*** DATASET EXTRACT ***

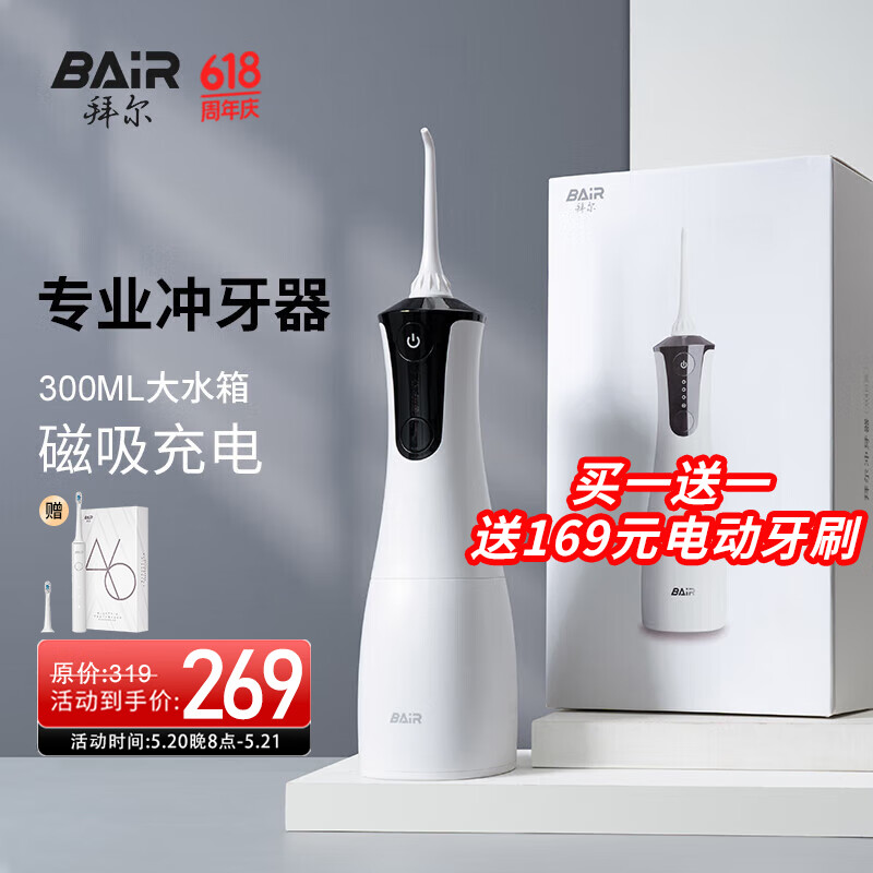 拜尔 M4电动冲牙器 手持式专业水牙线家用声波式水流去除器超正畸专用牙齿清洁洗牙神器 送女男朋友价格:289.00元!
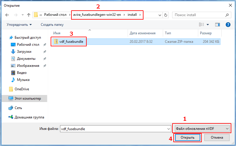- Загрузите заархивированный файл VDF, сохраненный в папке Avira Fusbundle Generator> Install.
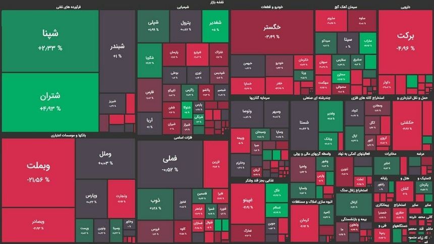 بانک ملت، بانک تجارت، گسترس نفت و گاز پارسیان، بانک صادرات ایران و گروه مپنا نسبت به سایر نمادها بیشترین تاثیر منفی و در مقابل پالایش نفت تهران نسبت به سایر نمادها بیشترین تاثیر مثبت را روی بورس گذاشتند.
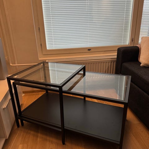 Ikean vittsjö sohvapöytä setti pöytä . Siistit! Mitat komenteissa. Lisätietoa löytyy ikean sivuilta.

*** End of DATASET EXTRACT ***

§ **AIM OF THE EXERCISE**
Restate word for word, and only, the lines from the line that contains "- Загрузите заархивированный" through the end of the data, both included; pictures are not part of the copy.

§ **RESULT OF THE EXERCISE**
- Загрузите заархивированный файл VDF, сохраненный в папке Avira Fusbundle Generator> Install.
 بانک ملت، بانک تجارت، گسترس نفت و گاز پارسیان، بانک صادرات ایران و گروه مپنا نسبت به سایر نمادها بیشترین تاثیر منفی و در مقابل پالایش نفت تهران نسبت به سایر نمادها بیشترین تاثیر مثبت را روی بورس گذاشتند.
 Ikean vittsjö sohvapöytä setti pöytä . Siistit! Mitat komenteissa. Lisätietoa löytyy ikean sivuilta.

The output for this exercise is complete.